Long Win/Linux experience. Mac noob. A few questions:

a) for the monitor calibration will I be able to use my Spyder3 Elite ? I cannot recall for sure now but I am afraid it only had Win software with it.

b) Is there a good guide for a computer expert but Mac newbie to quickly transition. Guess the interface will be a bit hostile and I'll be wrongly trying to find Windows ways to do things if you get what I mean.

Thanks and all have a good Sunday.

Bob

PS Of course frying the PC comes right in the middle of an urgent assignement. Murphy's laws are soooooo true !


----------



## DonRicklin (Mar 6, 2011)

Things happen,

You should be able to download MAc software for your Spyder3. As to the transition. You may not find it that hard. LR will be the same. Just look slightly different. And browsers all look mostly similar, but you have more choices in browsers with Mac. I use Safari and Camino.

Have fun!

Don


----------



## edgley (Mar 6, 2011)

I made the switch when installing a FW800 caused my system to go, about three years ago now.
You wont look back!
Best bit of advice I have is, when you are trying to do something, it will always be easier than you think, which is why you cannt see how to do it, at first.
There are loads of videos on Apples site showing you how things are done; good place to start.

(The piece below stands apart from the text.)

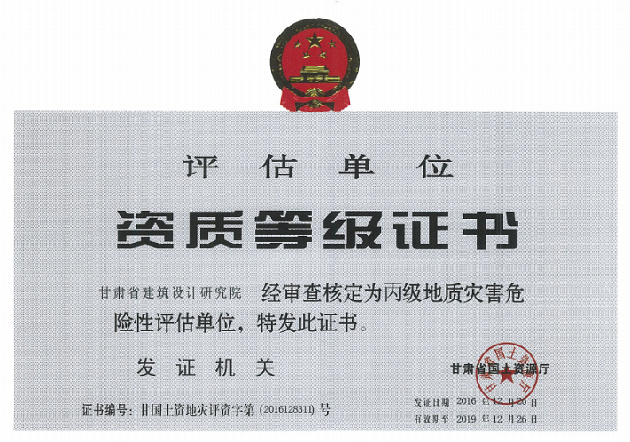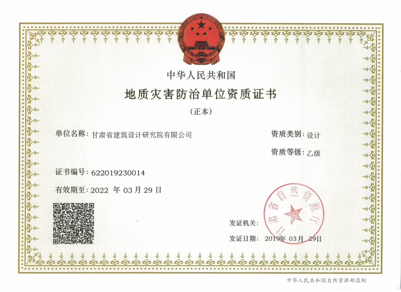 甘肃省建筑设计研究院有限公司《地质灾害防治单位资质乙级证书》

Only problem with calibrating an iMac, depending on its age, is that it will have a glossy screen.


----------



## Victoria Bampton (Mar 6, 2011)

Don't panic, you've got a great crew here ready to answer your questions.  If you're used to switching between Windows and Linux, I don't think you'll have any trouble transitioning.  If you need any software equivalent suggestions, just ask.


----------



## Mark Sirota (Mar 6, 2011)

a) Spyder3Elite is available for Mac, that's what I use.  I don't remember the licensing terms -- I don't know if you need to buy new software.  But you definitely won't have to buy new hardware.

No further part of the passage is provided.